Recorded data
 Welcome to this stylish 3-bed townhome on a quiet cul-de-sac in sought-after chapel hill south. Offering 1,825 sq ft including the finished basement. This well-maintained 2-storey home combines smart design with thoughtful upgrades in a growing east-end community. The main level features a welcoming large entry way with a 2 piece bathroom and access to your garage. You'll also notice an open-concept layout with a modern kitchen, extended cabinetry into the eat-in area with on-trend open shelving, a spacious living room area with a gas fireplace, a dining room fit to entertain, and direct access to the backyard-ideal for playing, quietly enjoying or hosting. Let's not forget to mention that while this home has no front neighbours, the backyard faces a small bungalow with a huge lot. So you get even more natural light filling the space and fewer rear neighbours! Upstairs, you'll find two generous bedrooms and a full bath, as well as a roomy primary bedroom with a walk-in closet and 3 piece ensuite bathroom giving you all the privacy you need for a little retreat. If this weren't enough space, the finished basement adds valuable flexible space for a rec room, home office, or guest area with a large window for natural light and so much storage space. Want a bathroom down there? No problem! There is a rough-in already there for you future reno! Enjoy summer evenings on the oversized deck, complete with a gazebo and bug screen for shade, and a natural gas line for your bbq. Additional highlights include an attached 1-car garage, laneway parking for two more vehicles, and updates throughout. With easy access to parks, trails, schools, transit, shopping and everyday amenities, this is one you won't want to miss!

==

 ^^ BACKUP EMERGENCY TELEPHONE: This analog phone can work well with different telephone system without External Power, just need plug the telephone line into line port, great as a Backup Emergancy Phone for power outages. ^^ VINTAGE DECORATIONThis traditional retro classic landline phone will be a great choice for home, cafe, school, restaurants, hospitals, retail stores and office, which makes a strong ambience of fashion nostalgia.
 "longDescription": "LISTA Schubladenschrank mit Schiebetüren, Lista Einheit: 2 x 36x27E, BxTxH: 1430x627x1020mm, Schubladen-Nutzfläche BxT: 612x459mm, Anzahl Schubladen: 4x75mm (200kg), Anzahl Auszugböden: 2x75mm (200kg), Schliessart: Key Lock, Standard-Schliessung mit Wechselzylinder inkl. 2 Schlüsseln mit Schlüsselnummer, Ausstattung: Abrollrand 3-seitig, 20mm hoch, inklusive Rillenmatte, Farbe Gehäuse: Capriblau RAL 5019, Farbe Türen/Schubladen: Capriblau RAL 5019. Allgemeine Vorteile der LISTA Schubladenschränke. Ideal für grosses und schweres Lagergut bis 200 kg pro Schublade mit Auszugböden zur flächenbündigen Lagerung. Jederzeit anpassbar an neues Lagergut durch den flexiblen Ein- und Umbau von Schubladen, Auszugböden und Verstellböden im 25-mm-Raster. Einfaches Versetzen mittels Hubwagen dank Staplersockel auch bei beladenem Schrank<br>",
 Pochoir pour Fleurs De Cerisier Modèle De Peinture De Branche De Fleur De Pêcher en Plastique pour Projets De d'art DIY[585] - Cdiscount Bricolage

--

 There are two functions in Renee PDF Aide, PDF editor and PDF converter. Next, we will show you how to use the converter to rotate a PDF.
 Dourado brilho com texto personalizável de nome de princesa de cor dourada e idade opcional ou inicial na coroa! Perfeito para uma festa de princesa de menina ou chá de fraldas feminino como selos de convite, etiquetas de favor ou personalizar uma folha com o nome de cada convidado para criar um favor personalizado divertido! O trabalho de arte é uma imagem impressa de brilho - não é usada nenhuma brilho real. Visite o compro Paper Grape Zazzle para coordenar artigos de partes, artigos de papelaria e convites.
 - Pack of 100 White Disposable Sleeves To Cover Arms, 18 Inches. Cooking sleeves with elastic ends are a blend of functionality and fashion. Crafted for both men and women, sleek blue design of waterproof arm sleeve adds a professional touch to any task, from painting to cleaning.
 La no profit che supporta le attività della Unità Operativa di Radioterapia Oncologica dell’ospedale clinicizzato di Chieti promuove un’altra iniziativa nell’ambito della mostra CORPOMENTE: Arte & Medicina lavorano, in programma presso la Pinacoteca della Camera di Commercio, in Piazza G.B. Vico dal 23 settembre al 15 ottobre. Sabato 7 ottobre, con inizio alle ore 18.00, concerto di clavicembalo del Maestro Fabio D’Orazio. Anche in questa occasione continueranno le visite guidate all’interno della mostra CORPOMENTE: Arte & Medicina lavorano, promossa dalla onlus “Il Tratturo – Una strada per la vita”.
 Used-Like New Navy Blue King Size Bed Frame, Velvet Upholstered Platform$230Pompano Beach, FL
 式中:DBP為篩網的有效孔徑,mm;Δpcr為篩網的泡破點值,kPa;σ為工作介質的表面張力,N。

Problem requirements
Look through the entries above. Extract each line with the word "will".

Written answer
 ^^ BACKUP EMERGENCY TELEPHONE: This analog phone can work well with different telephone system without External Power, just need plug the telephone line into line port, great as a Backup Emergancy Phone for power outages. ^^ VINTAGE DECORATIONThis traditional retro classic landline phone will be a great choice for home, cafe, school, restaurants, hospitals, retail stores and office, which makes a strong ambience of fashion nostalgia.
 There are two functions in Renee PDF Aide, PDF editor and PDF converter. Next, we will show you how to use the converter to rotate a PDF.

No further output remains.